A sheet of paper is torn at the weakest point during the test. This weak point in most cases is not fibers themselves, but connections between them. When a sheet is ruptured on both sides, at the point of rupture, it is observed that fibers are primarily pulled out from a sheet, which indicates a break in the connection between them. And only a part of fibers breaks in the transverse direction.

A very important aspect of creating paper is sizing. The purpose of sizing is to impart limited absorbent properties to paper or paperboard in relation to water, ink, printing ink and other liquids, and to improve many other physical and mechanical properties. With unlimited absorption (for non-adhesive paper) of, for example, ink, it will be absorbed into a sheet of paper, diverge and pass to its opposite side. A complete lack of absorbent properties will cause ink to drip from the surface of paper. The first and second phenomenon make paper unsuitable for writing and printing. Therefore, the sizing process is designed to provide for each specific type of paper and cardboard its strictly defined absorbency, which is estimated by the degree of sizing.

Then filling follows. Filling of paper is the introduction of mineral filler materials into its composition to improve its quality and economic performance. The introduction of fillers in paper composition help achieve the following objectives:

  • The cost of paper production is reduced since the cost of filler is lower than the cost of fibers, some of which are replaced by filler;
  • Whiteness of paper increases since almost all fillers have a higher degree of whiteness than fibers;
  • Smoothness of the surface of paper increases substantially due to the filling of pore filler particles and irregularities between fibers on the rough surface of a sheet;
  • Opacity of paper reduces, which makes it possible to write and print on both sides of a sheet;
  • Uniformity of the lumen improves;
  • Softness and plasticity increase – paper is less "noisy" when turning over;
  • Bulk density, porosity and, consequently, absorbability of printing inks, etc., are reduced.

A common disadvantage of introducing fillers is a marked reduction in mechanical strength and degree of sizing of paper. In addition, with an increase in the content of fillers, filler particles, sizing agents are found to a greater degree. This effect dramatically degrades print quality.

In order to give to paper some pleasant aesthetic properties, many of its types are produced in color, for example: poster, cover, color, matchbox paper, envelope, tissue, packaging paper, etc.

There are paper dyeing and coloring. During the dyeing process, the necessary color is given to paper, and during coloring – a certain color shade, for which the corresponding dyes are introduced into the pulp before paper is made. Dyeing is a complex process, as paper mass, which is exposed to coloring, in most cases, consists of several differently characteristic fibrous, filling and sizing particles that has different susceptibility to the same dye, so it is very important to choose the correct dye to get high-quality paper.
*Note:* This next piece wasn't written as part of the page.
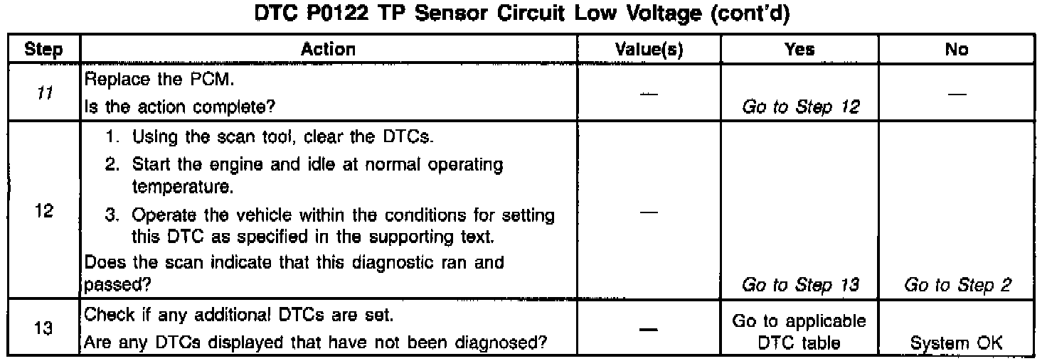 A faulty A/C sensor could set a DTC P0122. Disconnect the A/C electrical connector. If the TP reading returns to normal, replace the A/C Refrigerant Sensor.

We have already given a classification of paper and talked about its different types. It remains to add that all fibrous materials of various origin, known to date, can serve as a semi-finished product for the production of paper and paperboard. However, the majority of fibrous semi-finished products of paper-cardboard production are vegetable fibers:

  • Wood fibers in the form of different wood pulp, cellulose and semi-cellulose;
  • Fibers of recycled paper in the form of waste paper;
  • Fibers of cane and straw in the form of cane and straw cellulose and semi-cellulose;
  • Fibers of rags in the form of rag mass.

To give some special properties to paper and cardboard, animals (woolen), mineral (asbestos, basalt, glass) and synthetic (capron, polyvinyl, polyethylene, polyester, etc.) fibers were also used.

Now you are actually ready to take the exam on this topic. We hope that this information was useful to you. We wish you productive pastime and successful study.